Ⅲ.Reducing the Risk of ASCVD (Atherosclerotic Cardiovascular Disease)
After 144 weeks of continuous treatment with Ainuomiti Tablets, the proportion of high-risk ASCVD populations decreased from 3.5% at baseline to 1.4% (a 60% reduction). In contrast, after switching to EVG/Cobi/FTC/TAF regimen, the proportion of high-risk LDL-C populations surged from 3.2% at baseline to 8.2% (2.6-fold increase). However, after switching to Ainuomiti Tablets, this proportion dropped sharply from 8.2% to 0.7% (a 91.5% reduction), demonstrating significant advantages in cardiovascular risk management.
Ⅳ.The Closed Loop of "Efficacy-Safety-Adherence" = The Key to Long-Term Treatment Success
The 144-week data showed that both the treatment completion rate and virologic suppression rate of Ainuomiti Tablets exceed 95%, far surpassing similar imported regimens (both below 90%) [1-3]. This result confirms that its superior safety + proven efficacy = higher adherence among PWH, forming a virtuous cycle and serving as a recognized key to long-term treatment success.
The 144-week study data of Ainuomiti Tablets announced at this conference not only represent a major breakthrough in anti-HIV drugs in China but also signify that national pharmaceutical enterprises have possessed the strength to compete with international giants. With the comprehensive advantages of "potent viral suppression + metabolic protection + high adherence", Ainuomiti Tablets provides PWH with a more friendly and comprehensive treatment option, truly practicing the chronic disease management concept of the "Healthy China 2030" initiative.
References:
1.Brar I, Ruane PJ, Berhe M, Brinson C, Benson P, Henry K, Liu H, Andreatta K, Hindman JT, Ramgopal M. Efficacy and safety of switch to bictegravir/emtricitabine/tenofovir alafenamide from dolutegravir/abacavir/ lamivudine: Results from an open-label extension of a phase 3 randomized, double-blind, multicenter, active-controlled, non-inferiority study. Medicine (Baltimore). 2025;104(8):e41482.

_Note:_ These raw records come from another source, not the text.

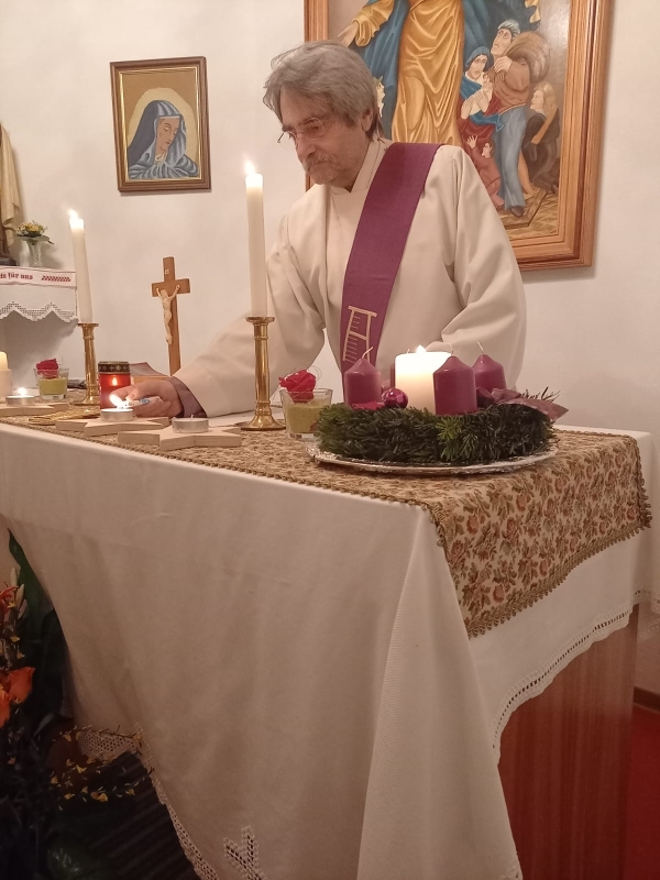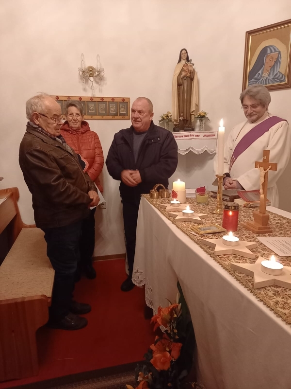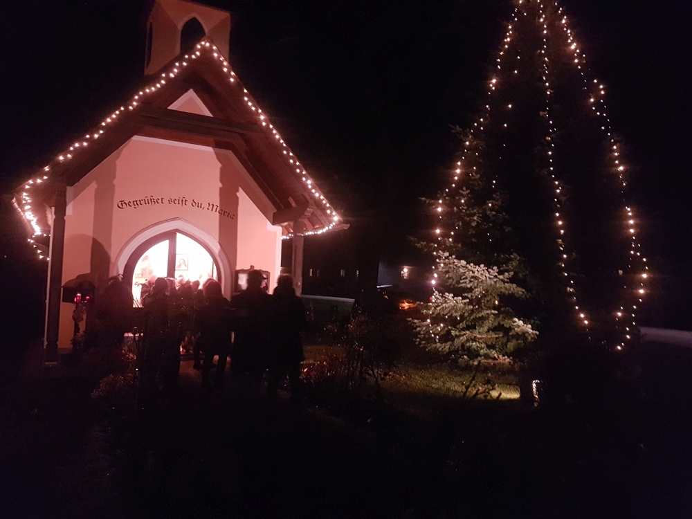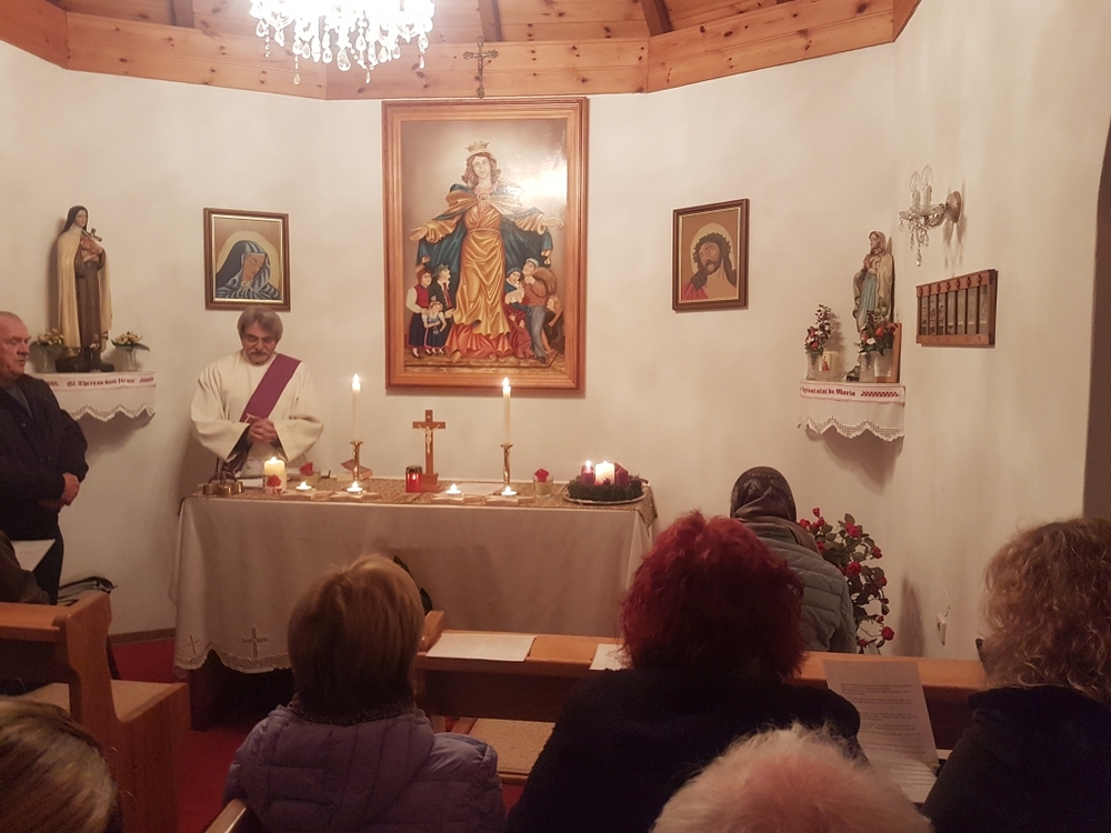 Um 19 Uhr wurde dann - wieder mit Diakon M. Zepf - die Adventkranzsegnung in der Kapelle Kaiserwald gefeiert.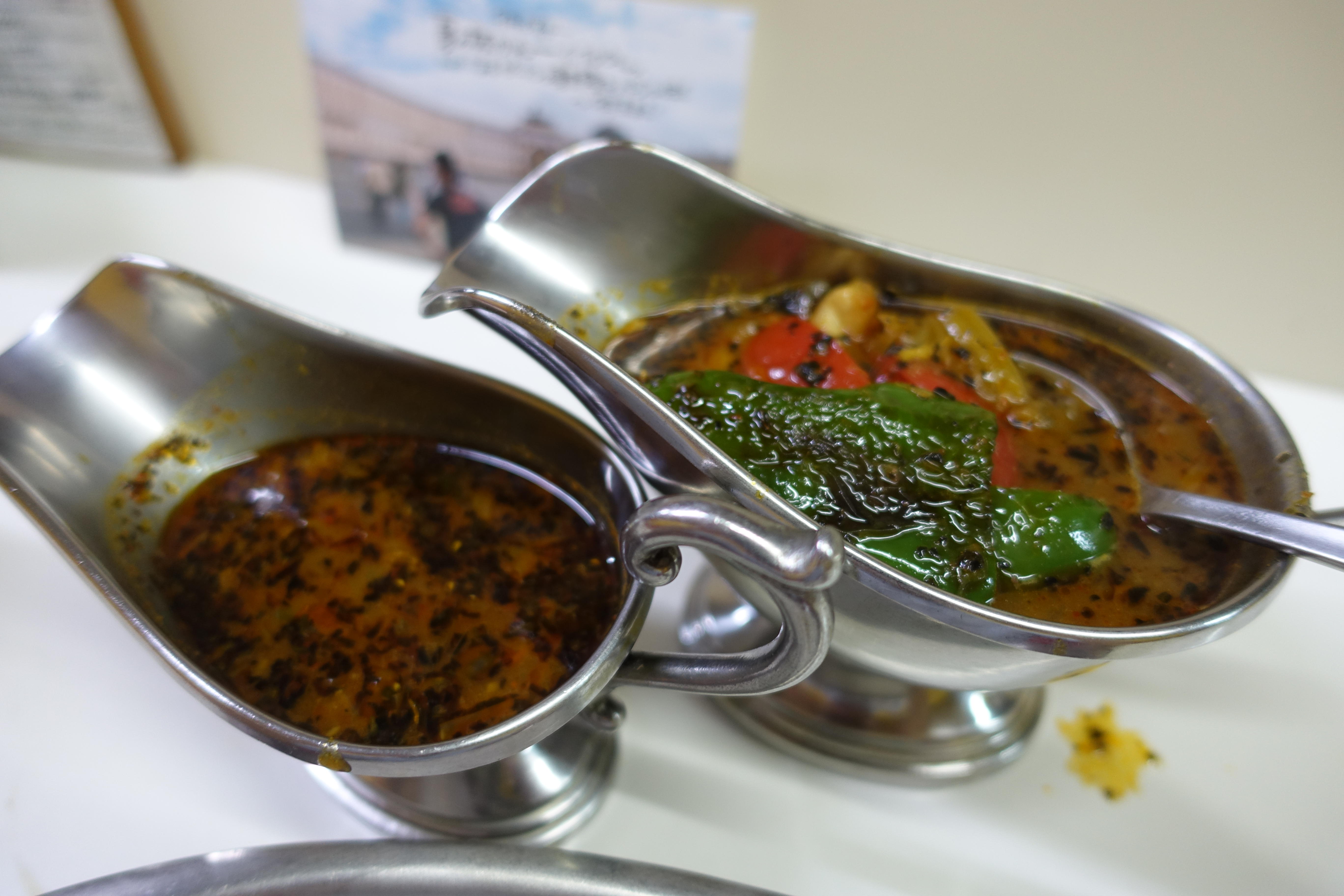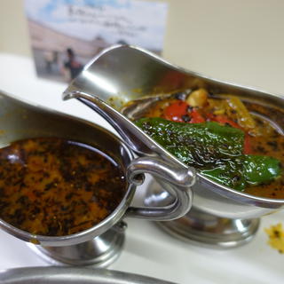 夏の始まり 今年は7-8月がゴーヤだったので、9月が季節のかれーの夏バージョン。季節のかれーの始まりとも言える、バジルのかれーにグリルチキン、ピーマン、トマト、ナスが入った色鮮やかで夏を感じるかれーです。特にすーぷにひたったとろとろのナスが自分は大好きです。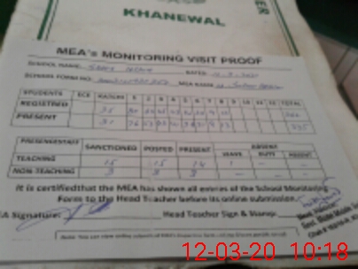 | Attendance Register | Head Teacher | MEA with School | Visit Proof |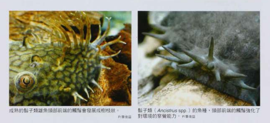在此习性的影响下,钩鲶属Ancistrus,也就是所称的“胡子鱼”,出现了最大的两性异形。大多数钩鲶属物种的成熟雄性在其鼻子上都有明显的肉质触须。鼻触须也出现在雌性和幼体中,但通常更小、更少,分布也更窄。这种触须与生殖活动有关,是一种欺骗性的交配策略:雄性钩鲶进化出鼻部触须,来模仿幼鱼的尾巴,从而响应雌性对有卵雄性的偏好,使得空巢雄性能够成功地与巢中已有卵的雄性竞争。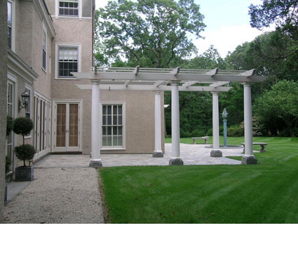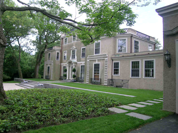 Master planning, Renovation Design and Construction Administration for a 1903 English Regency residence. The multi-year project included expanding the original dining room, adding a new conservatory, exercise room with ensuite steam shower, expanded garage facilities, third floor entertainment center and restoration of the unpainted exterior stucco to match the original. Exterior improvements included custom terrace, entries, elaborate stone work, design and fabrication of an original, but never previously installed rooftop ballustrade, and redesigned six column pergolas to replace historic precursors. |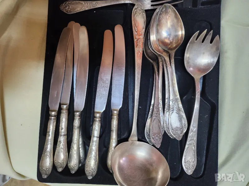 Предлагам запазен ( ново състояние) комплект от прибори - изработени от дълбоко посребрен мелхиор.

2.Osiyemi O, De Wit S, Ajana F, Bisshop F, Portilla J, Routy JP, Wyen C, Ait-Khaled M, Leone P, Pappa KA, Wang R, Wright J, George N, Wynne B, Aboud M, van Wyk J, Smith KY. Efficacy and Safety of Switching to Dolutegravir/Lamivudine Versus Continuing a Tenofovir Alafenamide-Based 3- or 4-Drug Regimen for Maintenance of Virologic Suppression in Adults Living With Human Immunodeficiency Virus Type 1: Results Through Week 144 From the Phase 3, Noninferiority TANGO Randomized Trial. Clin Infect Dis. 2022;75(6):975-986.
3.Kumar P, Johnson M, Molina JM, Rizzardini G, Cahn P, Bickel M, Wan H, Xu ZJ, Morais C, Sklar P, Greaves W; DRIVE-SHIFT Study Group. Brief Report: Switching to DOR/3TC/TDF Maintains HIV-1 Virologic Suppression Through Week 144 in the DRIVE-SHIFT Trial. J Acquir Immune Defic Syndr. 2021;87(2): 801-805.